DATA EXCERPT
= Beginning of Section =

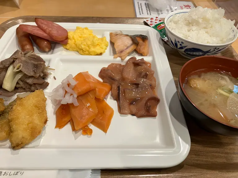 ジンギスカン、ホッケフライ、塩辛、ホッケのつみれ汁、サーモン等、北海道名物満載の朝食です。
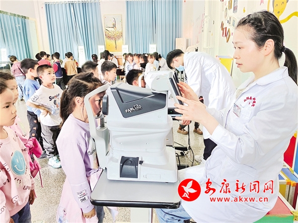 4月17日,漢陰縣婦幼保健院到蒲溪鎮(zhèn)小學(xué)教育集團(tuán)開展學(xué)生視力檢測(cè)。 鄧永新 攝
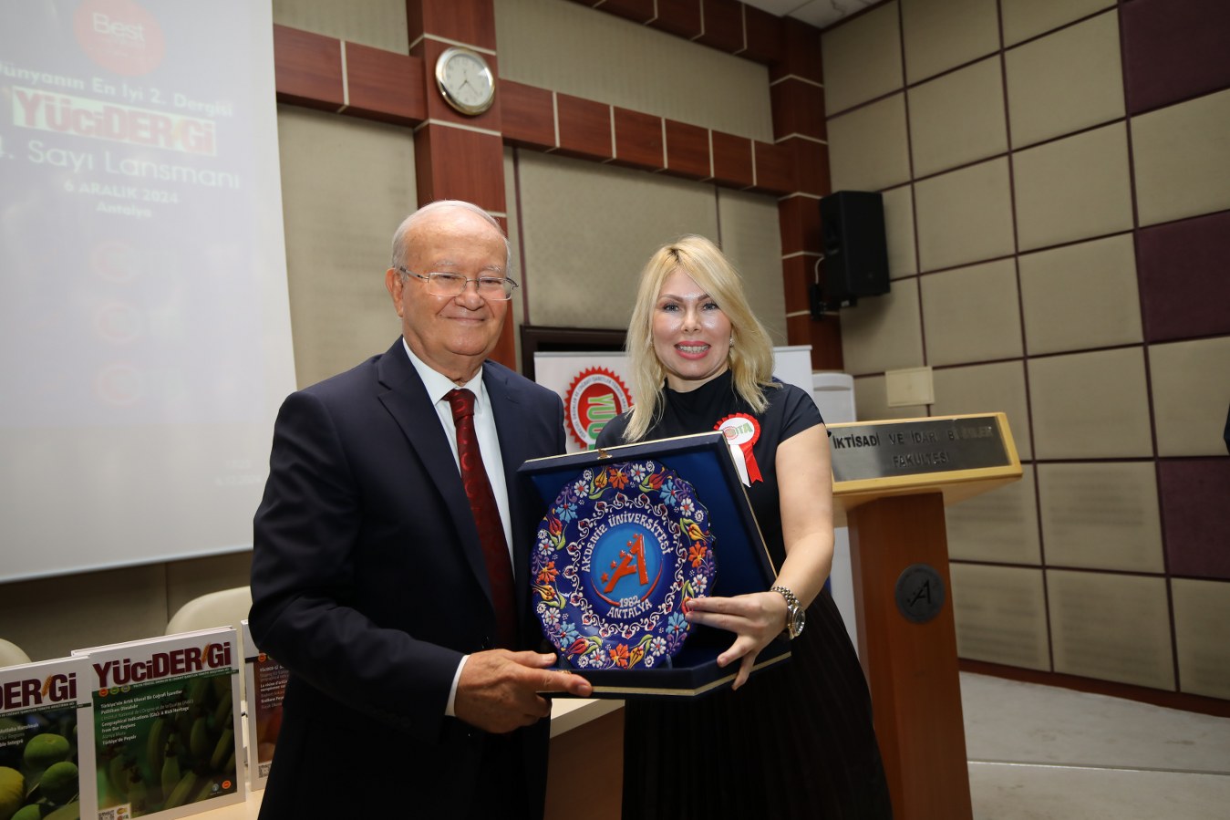 YÜciTA Dergisi Editörü Doç. Dr. Mehmet Zanbak, derginin dördüncü sayısında yer alan içeriklerden bahsetti. Zanbak, dördüncü sayının 572 sayfa 13 ana başlıkta 32 yazarın dergiye katkı sunduğunu ifade ederek TOBB ve İş Bankası’nın desteklerine teşekkür etti. YÜciTA ailesinin üyeleri de sahneye çıkarak konuşmalar gerçekleştirdi. Prof. Dr. Yavuz Tekelioğlu’nun kızı Tuluhan Tekelioğlu da bir konuşma yaptı. Rektör Özkan, Prof. Dr. Yavuz Tekelioğlu’na günün anısına plaket takdim etti. Konuşmaların ardından katılımcılar kokteylde Antalya’nın yöresel lezzetlerini tattı.

= End of Section =

PROBLEM DESCRIPTION
Retype the data above exactly, dropping every picture.

EXERCISE ANSWER
 ジンギスカン、ホッケフライ、塩辛、ホッケのつみれ汁、サーモン等、北海道名物満載の朝食です。
 4月17日,漢陰縣婦幼保健院到蒲溪鎮(zhèn)小學(xué)教育集團(tuán)開展學(xué)生視力檢測(cè)。 鄧永新 攝
 YÜciTA Dergisi Editörü Doç. Dr. Mehmet Zanbak, derginin dördüncü sayısında yer alan içeriklerden bahsetti. Zanbak, dördüncü sayının 572 sayfa 13 ana başlıkta 32 yazarın dergiye katkı sunduğunu ifade ederek TOBB ve İş Bankası’nın desteklerine teşekkür etti. YÜciTA ailesinin üyeleri de sahneye çıkarak konuşmalar gerçekleştirdi. Prof. Dr. Yavuz Tekelioğlu’nun kızı Tuluhan Tekelioğlu da bir konuşma yaptı. Rektör Özkan, Prof. Dr. Yavuz Tekelioğlu’na günün anısına plaket takdim etti. Konuşmaların ardından katılımcılar kokteylde Antalya’nın yöresel lezzetlerini tattı.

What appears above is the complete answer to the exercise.